Korean dishes are made to be shared, which is why I still associate Korean food with big circles of happy faces. But for children like me who came from immigrant families, the food we knew and loved from home was also a source of shame. The primary thing that made us and our parents “foreigners” was our alleged stench. I can well remember the fear of blowing my own cover when my Turkish schoolmates were ridiculed as “garlic munchers.” Garlic and foreignness were practically synonymous. Fear of the former—as much so as the latter—was ever-present. And unlike Chinese or Japanese food, Korean dishes are quite garlic-heavy.

On the whole, Korean food is a cuisine of extremes, and a spectacle of the senses: the bubbling and boiling of the kimchi jjigae stockpot a blazing scarlet on the table right before your nose. The sharp hissing sound and the aromatic steam rising up the moment the bulgogi meat touches the sizzling table grill. The brief moment of shock that sets in with the first spoonful of mulnaengmyeon, an iced noodle soup which provides instantaneous refreshment in the summer.

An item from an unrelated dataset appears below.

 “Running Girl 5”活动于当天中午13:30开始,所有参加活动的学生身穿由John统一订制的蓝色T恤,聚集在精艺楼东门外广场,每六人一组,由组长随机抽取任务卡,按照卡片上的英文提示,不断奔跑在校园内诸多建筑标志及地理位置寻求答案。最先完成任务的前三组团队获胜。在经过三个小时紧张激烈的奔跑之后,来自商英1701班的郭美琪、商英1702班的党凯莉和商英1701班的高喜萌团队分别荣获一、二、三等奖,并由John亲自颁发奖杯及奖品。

Under no circumstances would I have dared to serve Korean dishes to the school friends whom I invited home. It would have been like an attack on their lives and limbs. Instead, there was ready-to-serve “Pasta Asciutta” from the packet and beetroot salad from the glass, which was much ‘healthier’ anyway. I myself did not raise a hair at the lunch table of my Austrian friends when I choked on their sweet rice soufflé, presented to me so benevolently. They would have never understood how much security and belonging—community and empowerment—the strange, stinking food they so despised provided for us.

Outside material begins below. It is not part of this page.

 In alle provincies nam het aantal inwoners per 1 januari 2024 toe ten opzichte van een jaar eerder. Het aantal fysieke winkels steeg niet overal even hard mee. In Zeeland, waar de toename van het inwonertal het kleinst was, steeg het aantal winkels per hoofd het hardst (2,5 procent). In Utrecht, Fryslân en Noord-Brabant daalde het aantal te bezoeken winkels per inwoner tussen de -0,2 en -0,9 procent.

As for many other Ise, the second-generation members of Korean immigrant families, Korean cooking is one of the few ways for me to feel “Korean” without having to commit, because the options to combine and modify are endless: just try a Schnitzel or pea soup with kimchi—mhmm! Even if the label “K-Food” might suggest so, no one Korean cuisine exists. Just like the normative idea of “family” as sitting-together-at-a-dining-table is a fabricated fiction, the idea that one or several dishes can represent a nation is equally a figment of the imagination. As fabricated, for that matter, as an institutionalized, state-run campaign to market “exotic” food more efficiently.

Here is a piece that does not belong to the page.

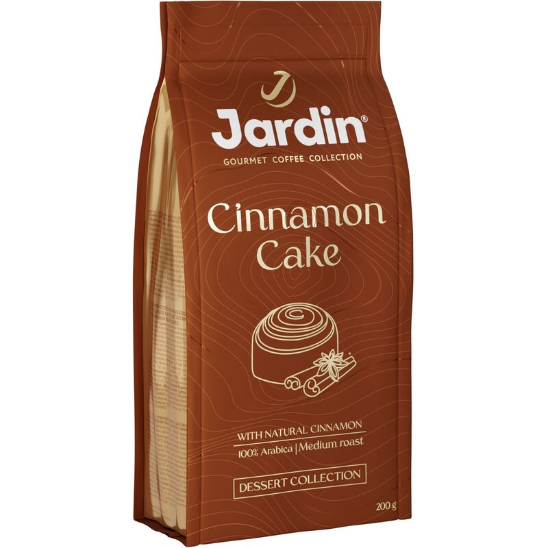 Кофе молотый Jardin Cinnamon Cake 200 грамм (пакет). Jardin Cinnamon Cake — сбалансированный бленд арабики, дополненный натуральной корицей. Этот кофе покорит вас своим мягким вкусом с нежно-пряной нотой и сладковатым послевкусием, а в его аромате вы отчетливо ощутите оттенки чудесной сдобной булочки с корицей. Он поможет вам взбодриться ранним утром, приведет в тонус при интенсивных умственных нагрузках, подарит минутки блаженства после тяжелого рабочего дня. Готовьте напиток в турке, капельной кофеварке, чашке или во френч-прессе — благодаря оптимальному помолу и бережной обжарке он получается поистине изумительным при любом способе заваривания. Прочная герметичная упаковка исключает контакт кофе с кислородом, позволяя сохранить все нюансы его многогранного вкуса.

Since my Korean is not particularly good, I nearly break my tongue every time I try to speak with relatives. However, I know the names of many Korean dishes and ingredients, I know what they taste like, their texture and consistency. Culinary conversations in Korean are so much more interesting because the language has many more expressions to offer and more ways of differentiating than German does. And since sensations in taste often evoke specific feelings or memories, talking about similar experiences, aversions, and preferences in relation to food establishes strong bonds. Perhaps that is why so many Ise watch the cooking videos made by Maangchi, one of the most successful YouTube stars with nearly three million subscribers (her favorite word: “delicious”). By test-tasting, experience-tasting, decipher-tasting, re-tasting together, we remember the pains and pleasures of our “otherness.” It is through taste that we come to recognize ourselves, and it is taste that we continuously strive to share and to pass on.